Talk to your doctor or pharmacist about the best treatment for you. More on acne treatments.
What Makes Acne Worse?
Hormones, especially in women just before their period.
Some medicines and contraceptive pills
Oil based skin care and make-up products
Scratching, squeezing or picking pimples
Clothing that rubs your skin
Working with oils or greases, and jobs that make you sweaty and hot
Some people believe that certain foods such as chocolate can cause acne or make it worse. There is actually no evidence to prove this.

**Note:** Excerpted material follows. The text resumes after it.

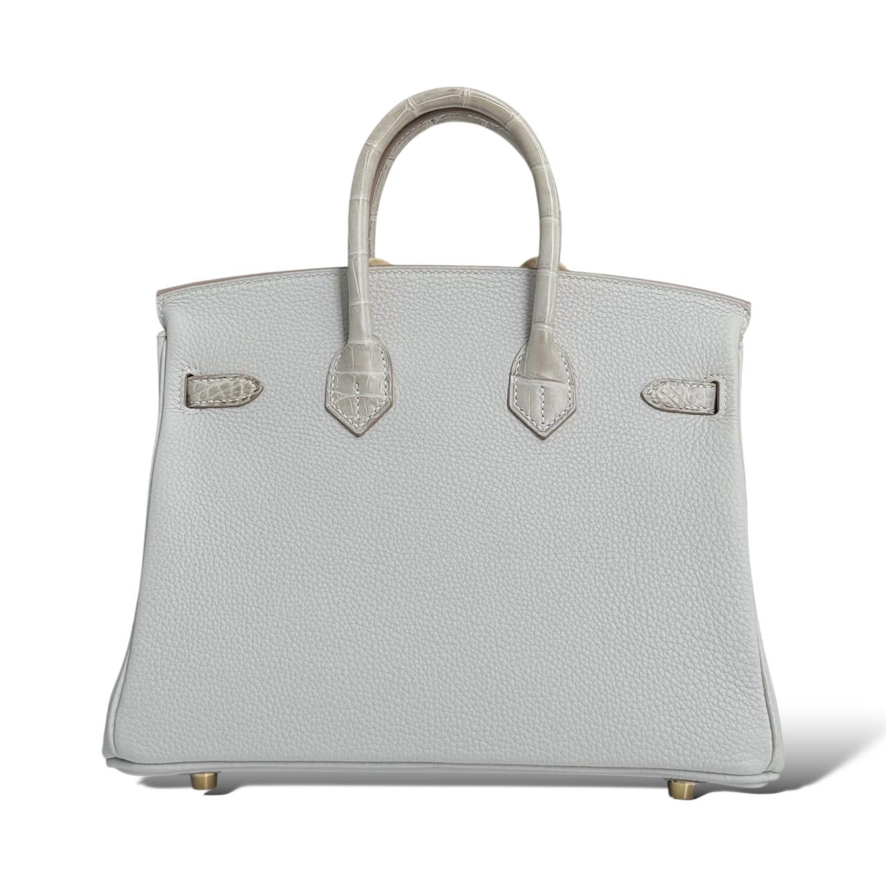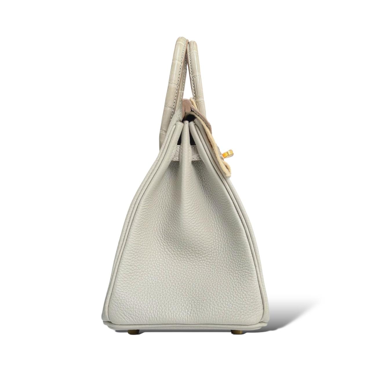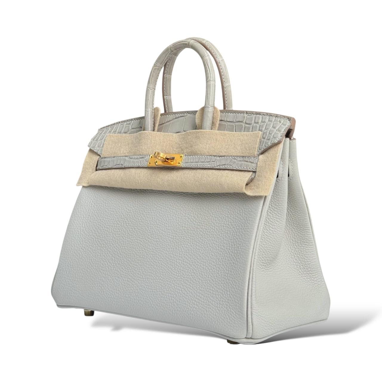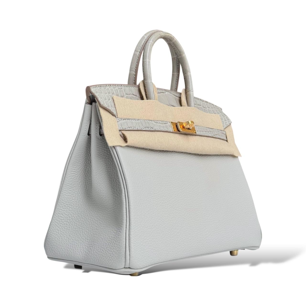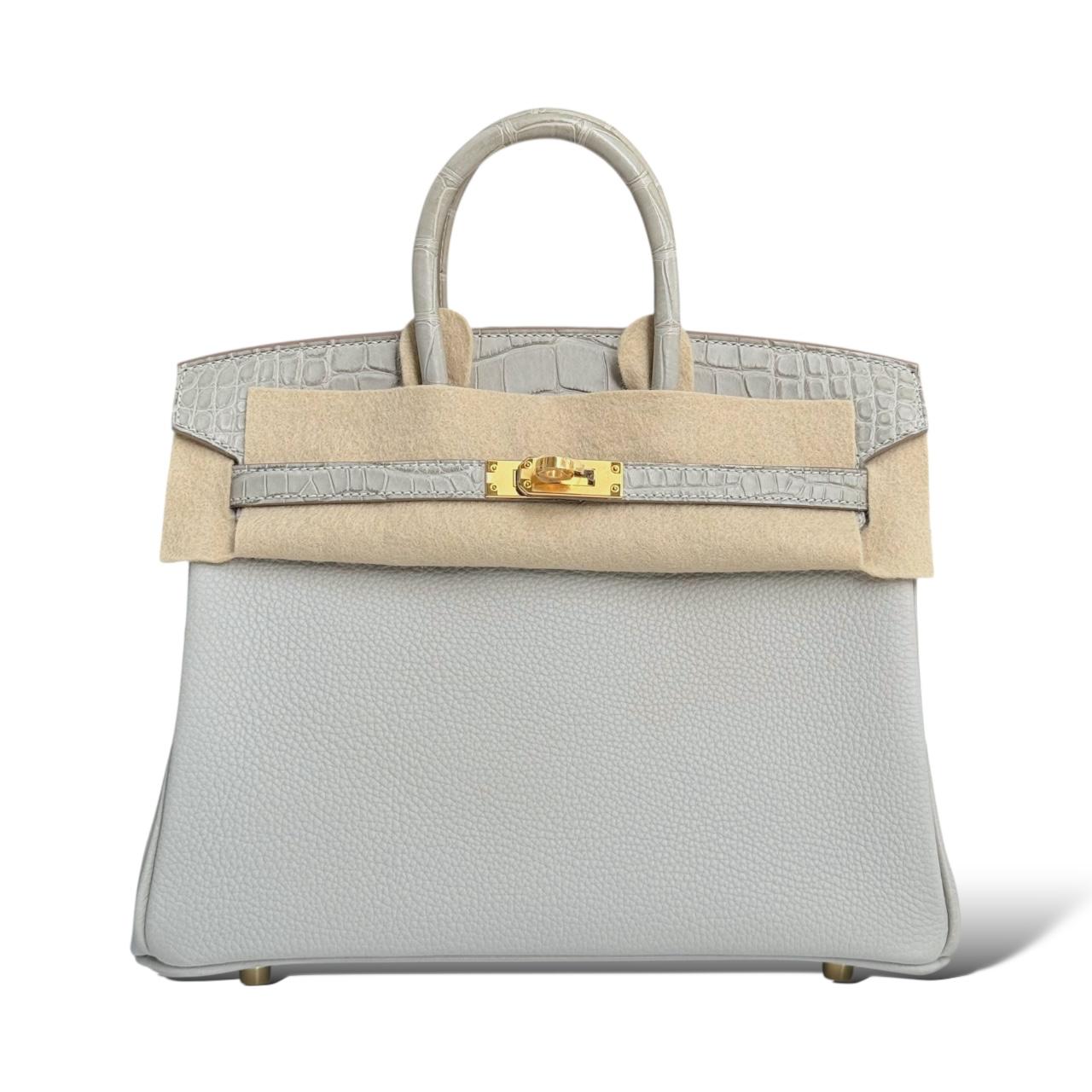 This exquisite Hermès Birkin 25 in Gris Perle is a timeless piece from the Touch collection, crafted in a mix of luxurious Togo leather and shiny alligator accents. The soft grey hue, known as Gris Perle, is beautifully complemented by the rich texture contrast and finished with elegant gold hardware (GHW). Sized at 25cm, it’s the perfect mini statement bag that offers both sophistication and rarity—ideal for collectors and fashion connoisseurs alike. Comes in full set, never used.

Acne can be controlled. You should cleanse your skin gently twice daily to control excess oil. Skin cleansers and medicated washes containing antiseptic agents, are useful in de-greasing the skin and reducing bacteria on the skins surface. More on skin cleansers
Prevention / Self help
Preventive measures can help manage your acne once a breakout has been controlled. These include avoiding heavy make up, all of which should be removed before bed time, showering regularly, especially after exercise, and using skin care products to rid the skin of excessive oil.